Hauled before MPs to explain the latest in the hunt for the so-called “chatty rat” who “bounced” Boris Johnson into last November’s shutdown, Cabinet Secretary Simon Case warned today that it may not be possible to “successfully identify the source or sources”.

Dominic Cummings has not been cleared, the UK’s top civil servant said earlier today
Simon Case said they may not ever find the source of who leaked the lockdown plans

But the top mandarin enraged the Commons committee by refusing to give further details of the top secret probe in an evidence session branded “a badly scripted version of Yes, Minister!”

The head of the civil service all but confirmed the security services had been brought into probe the leak, but he admitted no criminal activity or breach of the Official Secrets Act had taken place.

But he hinted the methods used to catch the ‘Chatty Rat’ were top secret spy craft, telling the committee he was “under restraints related to classification.”

Sacked Downing Street aide Dominic Cummings claimed in his incendiary “Nuclear Dom” blogpost last week that Mr Case had told him last year that he was not a suspect for the leak.

Boris Johnson ordered the probe after becoming enraged at efforts to “bounce” him into backing the lockdown by making the plan public late last October.

But speaking before the Commons Public Administration and Constitutional Affairs in a painful evidence session, Mr Case declined to back up that version of events.

Mr Cummings also accused Mr Johnson of wanting to shelve the probe as one of the suspects was an aide who is a close pal of his fiancee Carrie Symonds.

But Mr Case insisted: “at no point has this investigation been in any way de-prioritised, it is in the hands of professional investigators who have a range of tools and techniques at their disposal”.

But he acknowledged a “sense of frustration” that “we are unable to catch more people responsible for leaks”.

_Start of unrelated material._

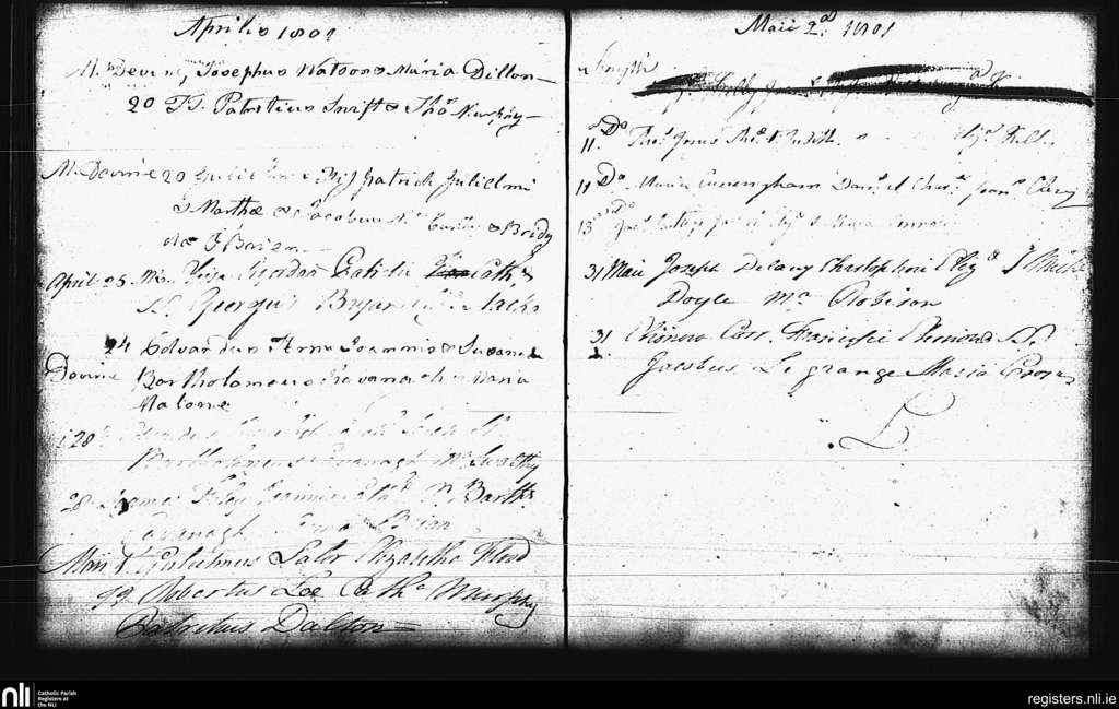 St. Andrew's, Dublin city; County of Dublin; Archdiocese of Dublin. Baptisms, Apr. 1801 to May 1801

Asked if he accepted what was said in Mr Cummings’ blog, Mr Case would only say: “I am constrained in what I can say because it’s in the context of an ongoing investigation.”

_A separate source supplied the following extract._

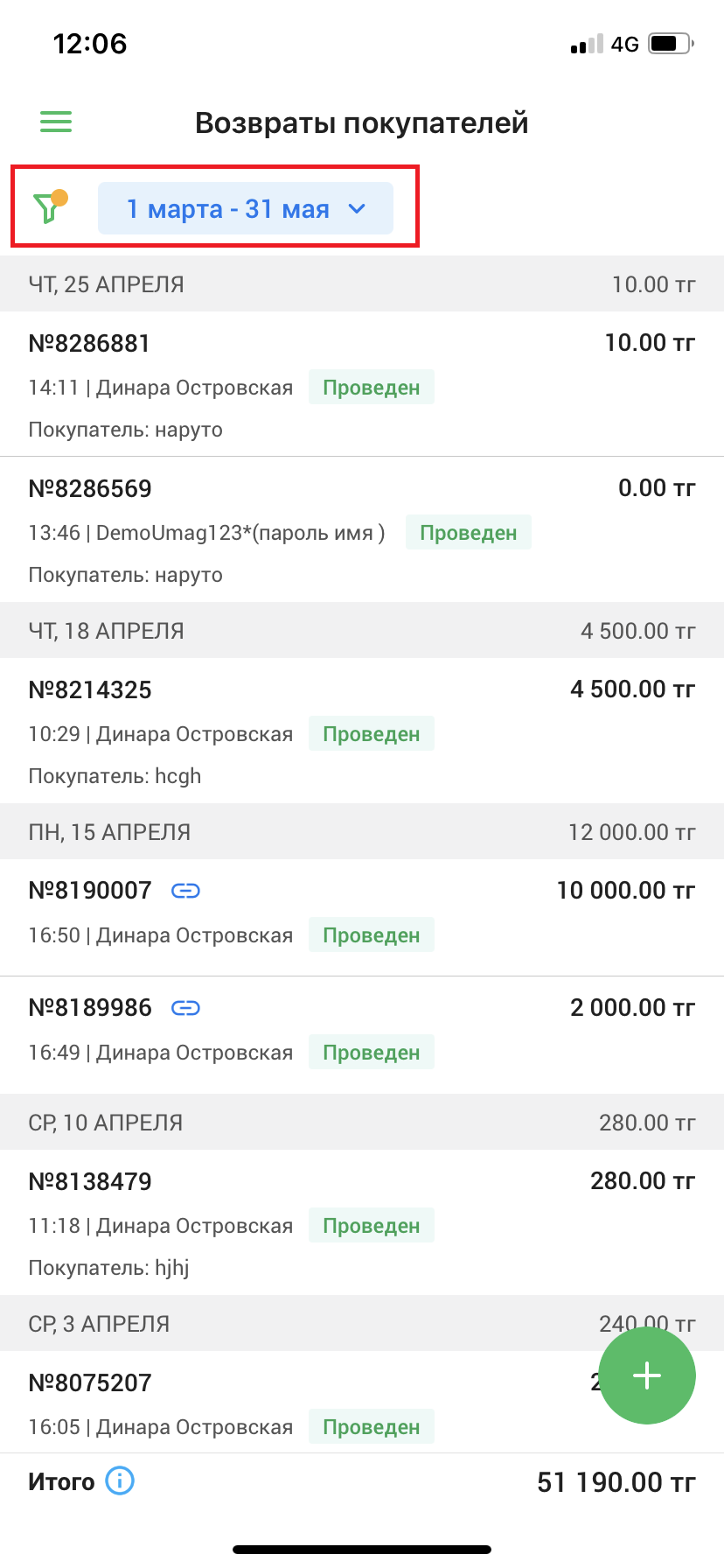 Далее, на странице возврата покупателей нажмите кнопку “➕Возврат” в левом верхнем углу страницы.

Probed by Tory MP David Jones if he had authorised Downing Street to tell the media that neither Mr Cummings nor then communications director Lee Cain were the leakers, Mr Case said: “I am not trying to frustrate, but this is drawing me into details of an ongoing investigation which – for reasons I have set out – I can’t go into in this setting.”

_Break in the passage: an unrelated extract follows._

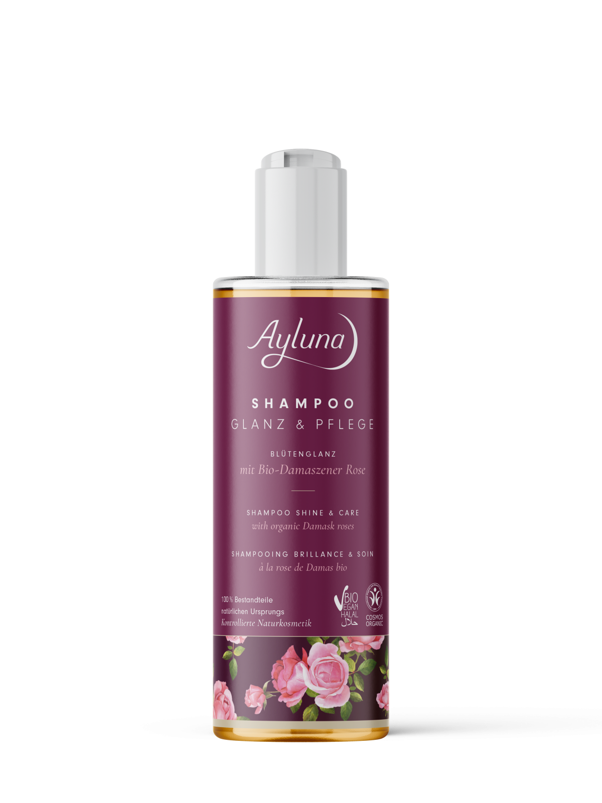 Traditionelle Pflanzengeheimnisse für schönes Haar: Shampoo Glanz & Pflege mit Bio-Damaszener Rose schenkt jedem Haar an jedem Tag unbeschwerte Pflege und nachhaltigen Glanz. Mit zartem Rosenduft. Frei von Silikon/Paraffin, synthetischen Farb- und Duftstoffen.

He said Commons Speaker Sir Lindsay Hoyle was being updated on the investigation in secret, under Privy Council terms.

Committee chairman William Wragg suggested that “relatively few” people would have known the information leaked in October “so it’s a rather small pool in which to fish” in order to find the culprit behind the leak of the lockdown.

Mr Case said: “I’m not trying to frustrate you or other members of the committee on this but we are going here into the details of the investigation and who knew what and this is an area where I am constrained because if I go further on this it will start to reveal the details of the investigation.”

But angry MPs on the Committee accused Case of stonewalling, comparing it to satire.

Labour’s John McDonnell said: “I don’t want to be rude Mr Case but this is coming across as a badly scripted version of ‘Yes, Minister’.”

And Tory Mr Wragg hit out: “Mr Case you have known you are coming to this committee for a number of weeks now and there are a number of topical issues… I am surprised you have not been better furnished with the answers to give to the committee.”